Actually, Kriz, there's 2 'L's and 2 'T's in Elliott :lol:

I used to cut up quite a lot of panels, and I was forever reversing width and length. My usual was to require some pieces longer than 4', so need to cut the 8'x4' the other way. Having carefully done that I would take it to the panel saw and promptly cut it the wrong way round. Did that twice in a row once.

John
 
Sorry to hear about your troubles Chris but that's a good point about tiredness in all things really. I was coming off a slip road onto the M1 the other week and a lorry driver, obviously asleep at the wheel, clipped my wing mirror and then proceeded to crash into the hard shoulder, fortunately no one was hurt in that incident but there you have it, tiredness, stop, rest and if you have to then continue, a lesson for us all!
 
Chris. That really is a bugger, mate.
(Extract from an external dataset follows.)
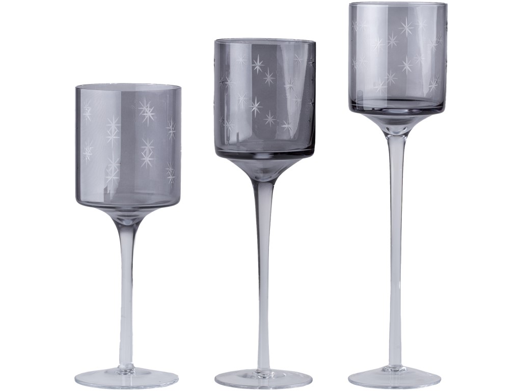 Sada tří skleněných svícnů o rozměrech 90 × 250, 90 × 300 a 90 × 350 mm na nožičkách. Kouřové sklo dodává moderní a sofistikovaný vzhled. Svícny jsou vhodné pro kónické svíčky nebo čajové svíčky a vytvářejí příjemnou a hřejivou atmosféru v interiéru.

Sorry to hear it - as Alf says, it's never Pine!!!

Of course I would never do anything like that :wink:

Cheers

Tony

Who's slyly kicking that huge box of 'offcuts' into a corner :oops:
 
Tony":3ofv9oem said:
Who's slyly kicking that huge box of 'offcuts' into a corner :oops:
Crumbs, Tony, you must be good. :shock: If I try to kick my box of "offcuts" anywhere I darn near bust my foot... :lol:

Cheers, Alf
 
Thanks for the sympathy folks. As you've said, at least I wasn't hurt. It really is so easy to make a slip I have resolved to think three times when I tell myself "I'll just do this before quitting for the night" I might just keep from losing time, walnut and fingers!
 
here here neil.


Having experienced a semi finger amputation (via a grinder) I`d say you should be CHUFFED that you still have all digits :shock:

what is it they say? ............
"normal people learn from their mistakes, clever people learn from others`"

at the end of the day ITS JUST NOT WORTH IT, leave it for another day.

steve
 
Chris,
I know how you feel. I felt the same when I had ripped six laminations from the remainder of a board of Tasmanian blackwood, and then docked them 100 mm too short to make a rocker, through misreading the measurement. The result is that one of my rocking chairs has two-tone rockers, since I had to cut the laminations from another board that did not match. So I have to try to think of it as a feature, rather than a mistake.

I am currently debarred from any serious woodwork due to a bout of 'flu, which is probably as bad as tiredness for inducing potentially disastrous mistakes.

Rocker
 
Rocker,

Your flu sounds miserable - get well soon! Meanwhile I guess you can think about making a petite chair with your (too) short laminations? Horrible feeling when you realise what you have just done, isn't it?